Two phase III trials, MIST-1 (Safety and efficacy of phenylephrine 2.5%-tropicamide 1% microdose ophthalmic solution for pupil dilation [MIST-1]; ClinicalTrials.gov identifier: NCT03751631) and MIST-2 (Safety and efficacy of phenylephrine 2.5%-tropicamide 1% microdose ophthalmic solution for pupil dilation [MIST-2]; ClinicalTrials.gov identifier: NCT03751098), aimed to evaluate the safety and efficacy of a fixed combination 1% tropicamide 2.5% phenylephrine solution administered using the Optejet drug delivery system.34 A total of 131 subjects aged 12–66 years (mean 37 years) participated in the study. The MIST-1 trial was a crossover study comparing Optejet delivery of 3 different medication regimens: 1% tropicamide alone, 2.5% phenylephrine alone, or 1% tropicamide 2.5% phenylephrine fixed combination.
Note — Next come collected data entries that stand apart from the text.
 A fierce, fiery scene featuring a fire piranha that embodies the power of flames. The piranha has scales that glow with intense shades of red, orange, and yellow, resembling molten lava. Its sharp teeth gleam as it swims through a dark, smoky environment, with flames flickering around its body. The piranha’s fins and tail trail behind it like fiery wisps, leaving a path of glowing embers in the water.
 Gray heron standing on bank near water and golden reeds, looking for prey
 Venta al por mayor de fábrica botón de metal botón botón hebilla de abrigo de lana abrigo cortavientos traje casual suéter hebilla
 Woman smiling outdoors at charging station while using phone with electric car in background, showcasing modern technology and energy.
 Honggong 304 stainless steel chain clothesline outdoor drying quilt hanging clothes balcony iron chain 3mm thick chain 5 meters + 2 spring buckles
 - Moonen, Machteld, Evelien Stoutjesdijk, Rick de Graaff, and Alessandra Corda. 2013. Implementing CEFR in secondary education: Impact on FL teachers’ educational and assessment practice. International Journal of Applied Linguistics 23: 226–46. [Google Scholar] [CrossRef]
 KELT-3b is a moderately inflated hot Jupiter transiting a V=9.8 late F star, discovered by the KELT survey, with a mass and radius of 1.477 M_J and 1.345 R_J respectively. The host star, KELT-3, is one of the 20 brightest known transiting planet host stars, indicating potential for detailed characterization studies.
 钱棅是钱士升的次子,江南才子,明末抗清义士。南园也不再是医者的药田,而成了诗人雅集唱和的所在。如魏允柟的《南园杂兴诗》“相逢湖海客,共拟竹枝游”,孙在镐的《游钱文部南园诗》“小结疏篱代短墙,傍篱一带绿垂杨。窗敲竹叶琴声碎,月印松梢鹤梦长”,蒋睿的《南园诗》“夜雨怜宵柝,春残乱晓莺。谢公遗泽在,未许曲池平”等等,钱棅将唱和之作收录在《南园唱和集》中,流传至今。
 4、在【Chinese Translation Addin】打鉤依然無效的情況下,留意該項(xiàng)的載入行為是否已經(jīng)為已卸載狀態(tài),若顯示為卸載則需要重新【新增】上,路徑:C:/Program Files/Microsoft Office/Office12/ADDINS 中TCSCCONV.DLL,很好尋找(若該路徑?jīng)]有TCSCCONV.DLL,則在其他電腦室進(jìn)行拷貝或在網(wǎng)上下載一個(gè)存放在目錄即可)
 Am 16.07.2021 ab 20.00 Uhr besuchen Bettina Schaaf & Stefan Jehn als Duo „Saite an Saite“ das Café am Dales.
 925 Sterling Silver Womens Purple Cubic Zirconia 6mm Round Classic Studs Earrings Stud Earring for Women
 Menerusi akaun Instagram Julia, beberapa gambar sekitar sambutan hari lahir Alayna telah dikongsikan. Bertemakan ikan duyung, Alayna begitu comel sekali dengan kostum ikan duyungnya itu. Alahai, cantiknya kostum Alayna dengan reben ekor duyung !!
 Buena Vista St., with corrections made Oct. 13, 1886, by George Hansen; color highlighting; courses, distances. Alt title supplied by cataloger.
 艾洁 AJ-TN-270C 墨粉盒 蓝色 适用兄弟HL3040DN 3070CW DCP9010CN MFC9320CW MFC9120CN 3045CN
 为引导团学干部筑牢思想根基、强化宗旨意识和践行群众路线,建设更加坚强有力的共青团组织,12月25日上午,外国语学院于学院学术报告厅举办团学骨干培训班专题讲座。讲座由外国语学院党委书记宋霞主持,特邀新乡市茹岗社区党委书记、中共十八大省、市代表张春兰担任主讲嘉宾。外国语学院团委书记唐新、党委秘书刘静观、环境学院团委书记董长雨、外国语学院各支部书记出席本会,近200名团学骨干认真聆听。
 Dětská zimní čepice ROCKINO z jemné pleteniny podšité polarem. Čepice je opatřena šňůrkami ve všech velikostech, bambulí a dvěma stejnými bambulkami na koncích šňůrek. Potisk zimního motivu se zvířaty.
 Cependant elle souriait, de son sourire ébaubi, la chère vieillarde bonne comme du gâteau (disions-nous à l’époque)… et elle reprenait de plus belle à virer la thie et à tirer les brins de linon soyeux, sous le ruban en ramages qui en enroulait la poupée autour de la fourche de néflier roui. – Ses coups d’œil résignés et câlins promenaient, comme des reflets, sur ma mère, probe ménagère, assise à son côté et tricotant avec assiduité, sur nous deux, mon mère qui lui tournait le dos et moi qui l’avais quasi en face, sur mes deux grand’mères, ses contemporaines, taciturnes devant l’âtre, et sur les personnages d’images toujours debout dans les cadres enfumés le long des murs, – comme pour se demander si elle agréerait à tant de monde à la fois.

Briefly, combination therapy achieved statistically significant greater change in pupil diameter compared with individual components of tropicamide or phenylephrine alone (4.72 mm, 4.11 mm, and 0.85 mm respectively, p<0.0001 for all treatment group differences from combination therapy). The MIST-2 trial compared fixed combination therapy to placebo. No adverse events were reported in the placebo group and 3% of participants reported adverse effects from the fixed combined solution (most severe being photophobia; other effects were mild, including blurry vision, instillation site pain and visual acuity reduction). Taken together, these trials provide solid evidence of this new technology to perform pupillary dilation with fewer adverse effects and equal efficacy.
Conclusion
Pharmacologic mydriasis and cycloplegia are a mainstay of comprehensive eye care. Several newer methods of drug delivery are aimed to improve effectiveness, drug administration, and reduce drug waste and adverse effects. Devices for drug delivery and novel medications are still in active development and preliminary studies demonstrate similar or improved efficacy to conventional forms of therapy. The ideal novel delivery mechanism will provide better tolerated and less wasteful medications to improve pharmacologic pupillary dilation for both patients and providers. Additional prospective studies will determine the role of these technologies in ophthalmic practice.